Гуляйбабка взглянул на часы:
- Господин Гнида, своей трясучкой вы держите нас ровно пятнадцать минут. Говорите коротко и ясно, что вам надо.
- Об одном. Об одном прошу: расскажите, посоветуйте, как лучше встретить их... господ карателей. Век буду благодарен. Б-будьте л-любезны. Богом молю.
Гуляйбабка обернулся к свите.
- Ну как? Поможем, господа?
- Надо помочь. Чего же! - живо отозвалась свита. - Вполне заслуживает помощи БЕИПСА.
- В таком случае, кхи-м, - крякнул в кулак Гуляйбабка. - Вам, Степан Гнида, один вопрос.
- Слушаюсь! - звякнул каблуками староста.
- У вас жирные гуси есть? Весь полк карателей жирной гусятиной сможете накормить? Староста вытянулся в струнку:
- Гусей-с нет. Гусей-с первая же цепь господ освободителей поела. А вот гусиные, куриные яички еще остались. На черный день берегу.
Гуляйбабка схватил Гниду за воротник белой рубахи, с силой тряхнул его:
- Ты что, сволочь?! Как смел?! Неумытая рожа! Неотесанная свинья! Кого вздумал яичным желтком кормить? Доблестных солдат фюрера? Его карающий меч? Брат проглотил пулю, и тебе захотелось?

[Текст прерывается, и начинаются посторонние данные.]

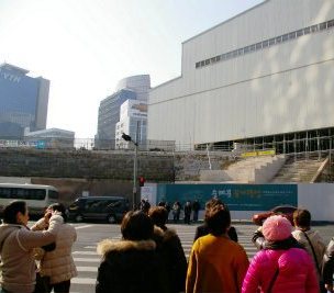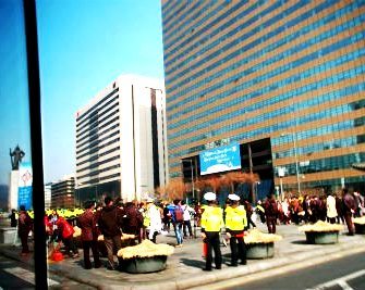 ![]() 左)集会は自由だそうです。韓・米軍事合同訓練があり、警察官が目立つ? 右)崇礼門(スンネムン)=南大門、残念なことに放火により 消失し、現在復元中。 |

- Пом-м-ми-милуйте, по-пощадите, - захрипел, приседая, Гнида. - Все выложу, все сделаю, что... что только скажете. Ни... ничего-шеньки не... не утаю-с.
- Я те утаю, скотина! Кишки выверну наизнанку, - тряс, словно дерево, обомлевшего старосту Гуляйбабка. - Фюрер ходил восемь лет, поджав живот, питаясь эрзацем, копя марки на войну, на освобождение тебя, идиота, а ты... так-то вздумал фюрера отблагодарить, скотина! Тухлую яичницу хочешь ему подсунуть?! А ну, говори: хочешь или нет? Ну!
- Помилуйте. Пощадите. В мыслях того не имею. К Гуляйбабке подошел Волович:
- Ваше превосходительство! Отпустите его. Он ошибку исправит. Заменит гусей чем-нибудь.
- Чем заменит? Картошкой? Кислыми щами? Пусть жрет их сам. Проголодавшимся войскам фюрера нужны жиры, жиры и только жиры!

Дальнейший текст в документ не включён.